* **THE PROBLEM**: Images aside, the whole listing should be written out word for word.
*** LISTED ENTRIES ***
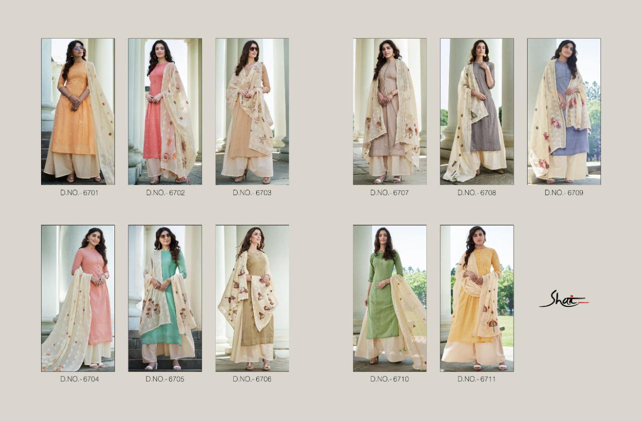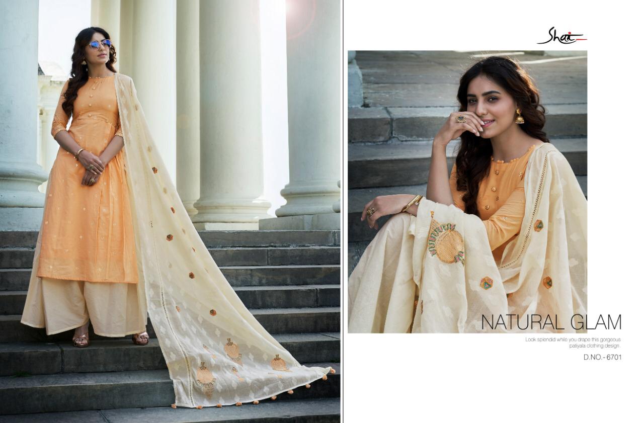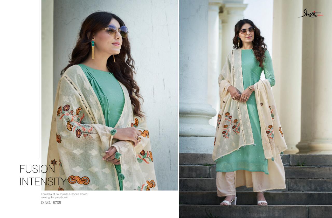 Brand - Shai Catlog name - RAAGA VOL -2. 11 Designs Singal Colour Fabric Details Top = Pure Cotton With Mukesh Work(Semi-Stich) Bottom = Cotton Ã? Cotton Dupatta = Pure Fine Cotton With Placement Embroidery Total pieces = 11 Rate = 1575/- Delivery 6 days later . Set To Set . GST 5 Percent Extra |
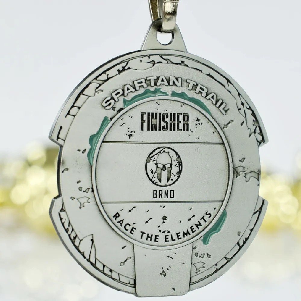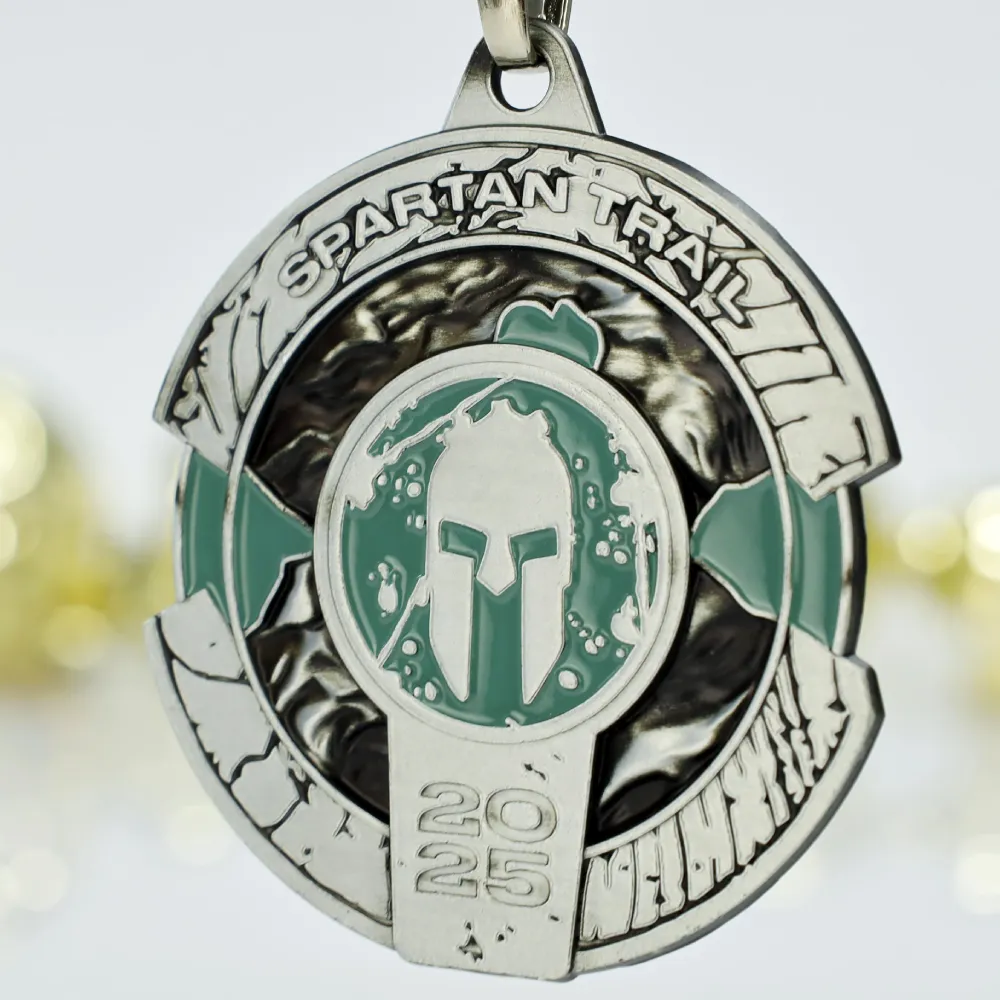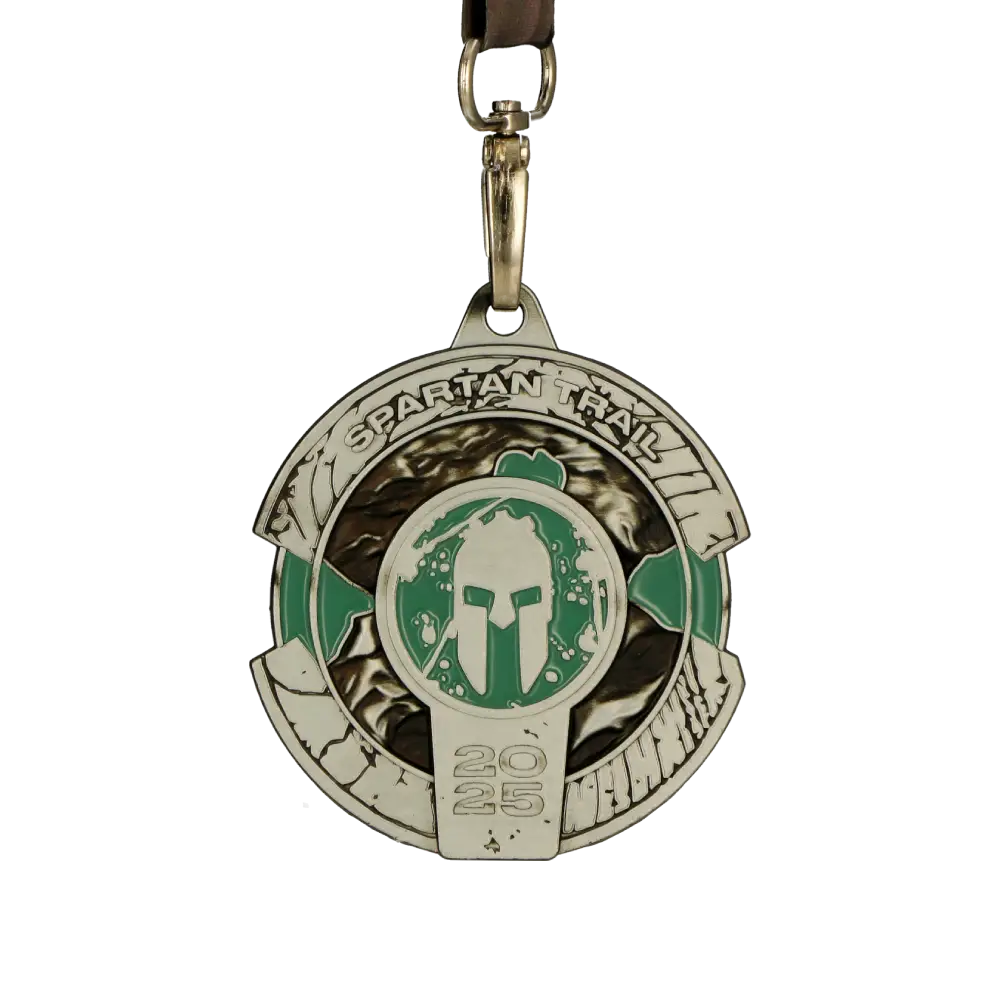Medaglie sportive su misura create per Spartan Trail 2025. Medaglie d'argento con accenti verdi e un distintivo elmo spartano al centro. Elementi in rilievo evidenziano il motivo del terreno accidentato, con il nome dell'evento e l'anno 2025 chiaramente contrassegnati. Le medaglie su misura sono sospese a un nastro scuro con un moschettone in metallo.
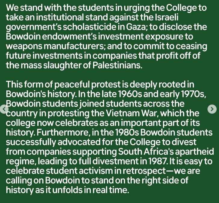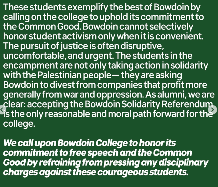 “Today, we launch this encampment, demanding that Bowdoin immediately commit to fully realizing all four demands of our referendum,” the announcement read.
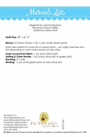 A couple of your favorite charm packs is all you need for this fun scrappy quilt. Or go even more scrappy than we did and make your inside “bar” blocks from a variety of fabrics as well! Fun and quick to put together… laying it out on point just makes it look that much more special.
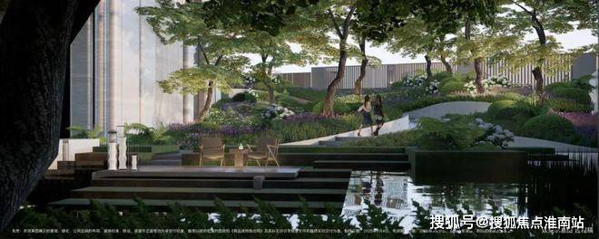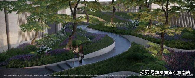 小区做了抬高处理,整体抬高,最高处超过7米,整个小区形成了错落的格局,在小区内部做台地景观。所谓台地,便是将小区内地面整体抬高,与市政道路形成一定的高度落差,这样建造的社区气势磅礴,居高临下。通过景观设计,将小区景打造成了立体台地花园,设置缓坡、下沉式花园、台阶等,让整体景观表现出立体层次感,错落有致。
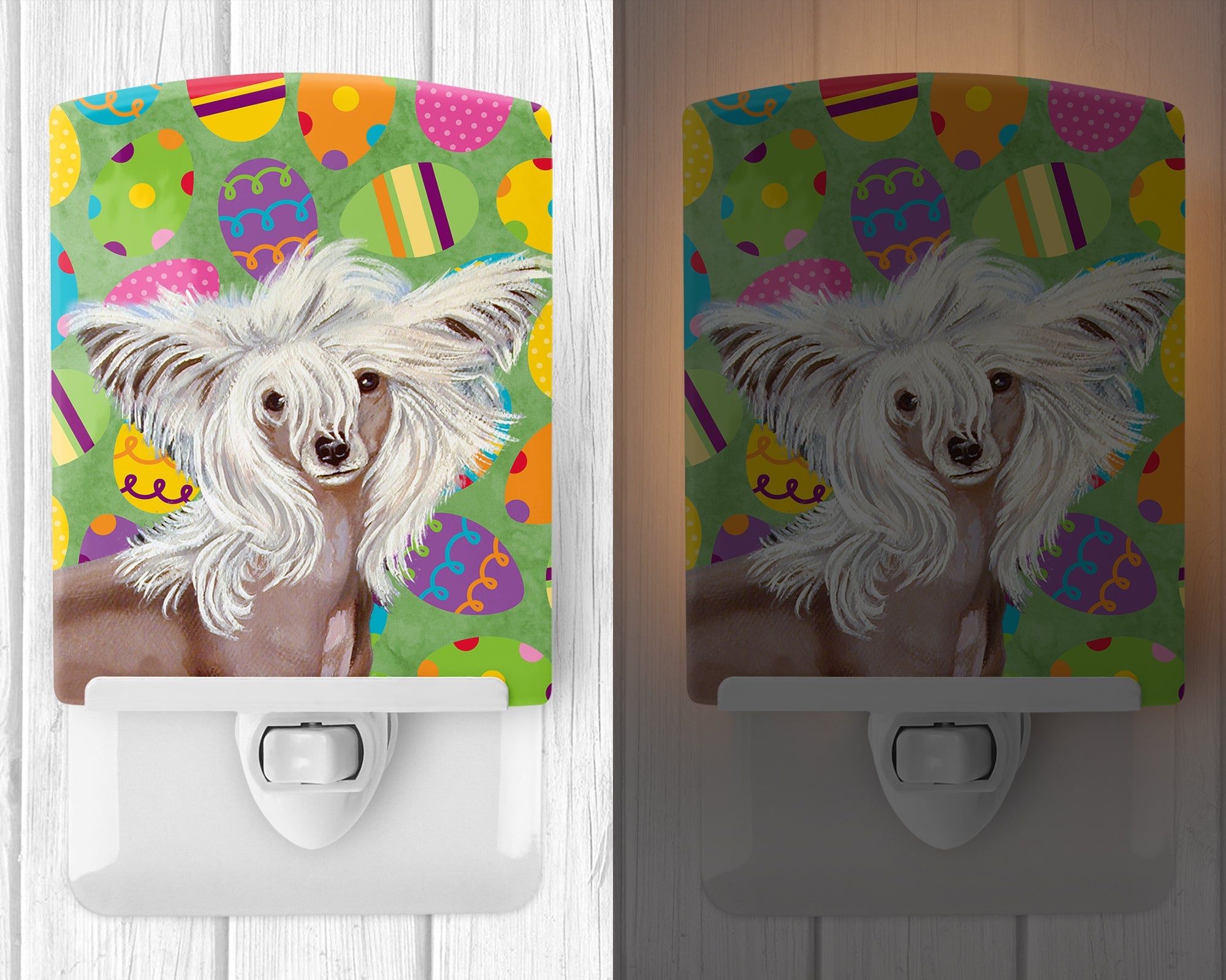 Decorate your space with our Easter Chinese Crested artwork on a Night Light. Introduce a splash of artistic flair and subtle illumination to your space with the Decorative Ceramic Night Light from Caroline's Treasures. Perfect for any room, this night light seamlessly blends functionality with an aesthetic appeal, offering a stylish solution to brighten up dark corners of your home or office. Boasting a six-inch high by four-inch wide ceramic tile at the front, it showcases vivid, full-color artwork from distinguished artists, transforming a simple utility into a vibrant art piece. The artwork is securely encased in a robust metal holder, ensuring durability and longevity. Two screws are provided to firmly affix the tile into the holder. The holder extends three inches deep, housing an included bulb that emits a soft, welcoming glow. This product meets all safety standards, as evidenced by its UL approval. Proudly made in the United States from imported components, this Decorative Ceramic Night Light is not just a functional device; it's a statement piece that enhances the ambiance of your surroundings.
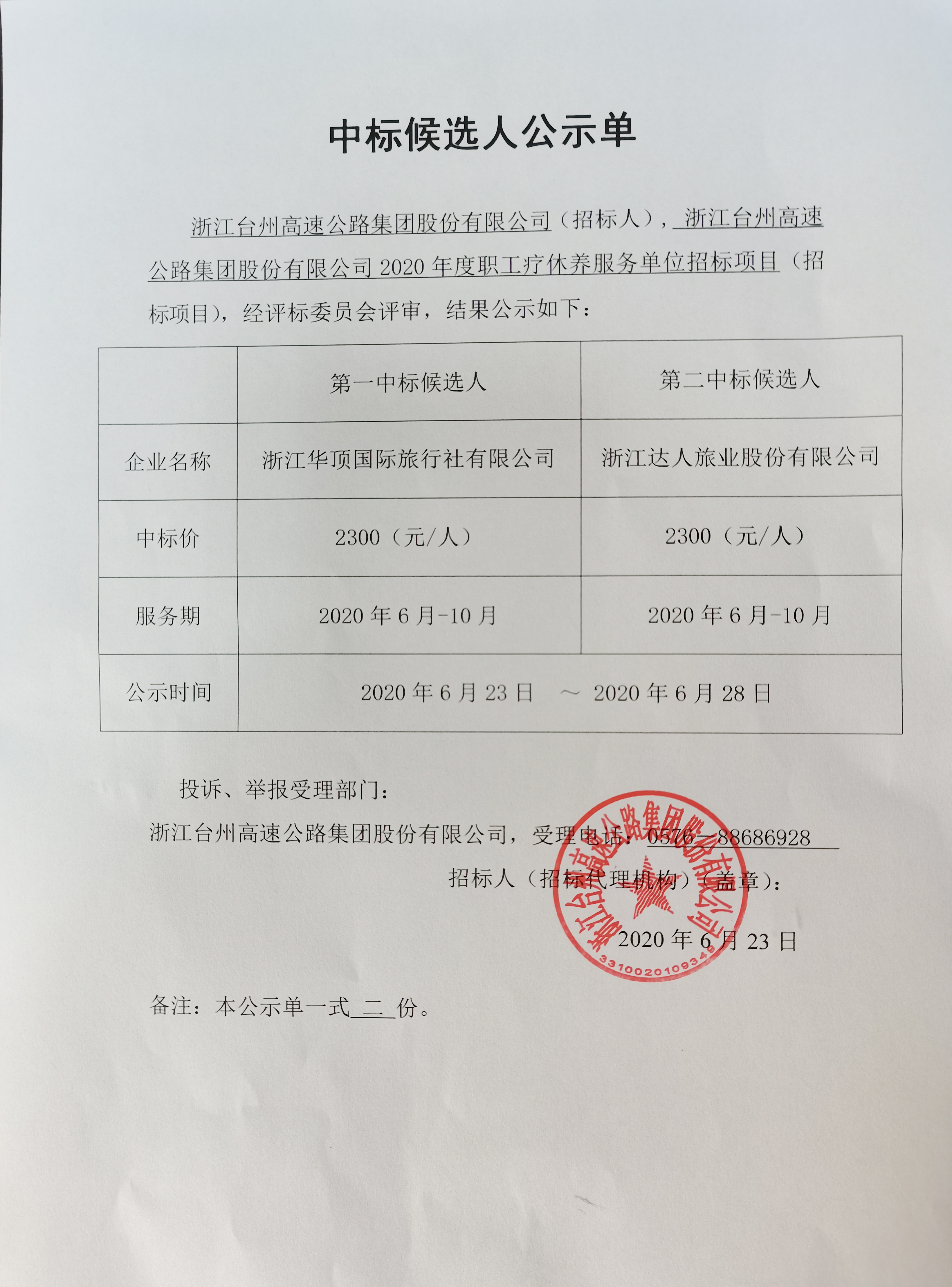 2020年度職工療休養服務單位招標項目中標候選人公示單
***
* **SOLUTION BELOW**:
 Brand - Shai Catlog name - RAAGA VOL -2. 11 Designs Singal Colour Fabric Details Top = Pure Cotton With Mukesh Work(Semi-Stich) Bottom = Cotton Ã? Cotton Dupatta = Pure Fine Cotton With Placement Embroidery Total pieces = 11 Rate = 1575/- Delivery 6 days later . Set To Set . GST 5 Percent Extra |
Medaglie sportive su misura create per Spartan Trail 2025. Medaglie d'argento con accenti verdi e un distintivo elmo spartano al centro. Elementi in rilievo evidenziano il motivo del terreno accidentato, con il nome dell'evento e l'anno 2025 chiaramente contrassegnati. Le medaglie su misura sono sospese a un nastro scuro con un moschettone in metallo.
 “Today, we launch this encampment, demanding that Bowdoin immediately commit to fully realizing all four demands of our referendum,” the announcement read.
 A couple of your favorite charm packs is all you need for this fun scrappy quilt. Or go even more scrappy than we did and make your inside “bar” blocks from a variety of fabrics as well! Fun and quick to put together… laying it out on point just makes it look that much more special.
 小区做了抬高处理,整体抬高,最高处超过7米,整个小区形成了错落的格局,在小区内部做台地景观。所谓台地,便是将小区内地面整体抬高,与市政道路形成一定的高度落差,这样建造的社区气势磅礴,居高临下。通过景观设计,将小区景打造成了立体台地花园,设置缓坡、下沉式花园、台阶等,让整体景观表现出立体层次感,错落有致。
 Decorate your space with our Easter Chinese Crested artwork on a Night Light. Introduce a splash of artistic flair and subtle illumination to your space with the Decorative Ceramic Night Light from Caroline's Treasures. Perfect for any room, this night light seamlessly blends functionality with an aesthetic appeal, offering a stylish solution to brighten up dark corners of your home or office. Boasting a six-inch high by four-inch wide ceramic tile at the front, it showcases vivid, full-color artwork from distinguished artists, transforming a simple utility into a vibrant art piece. The artwork is securely encased in a robust metal holder, ensuring durability and longevity. Two screws are provided to firmly affix the tile into the holder. The holder extends three inches deep, housing an included bulb that emits a soft, welcoming glow. This product meets all safety standards, as evidenced by its UL approval. Proudly made in the United States from imported components, this Decorative Ceramic Night Light is not just a functional device; it's a statement piece that enhances the ambiance of your surroundings.
 2020年度職工療休養服務單位招標項目中標候選人公示單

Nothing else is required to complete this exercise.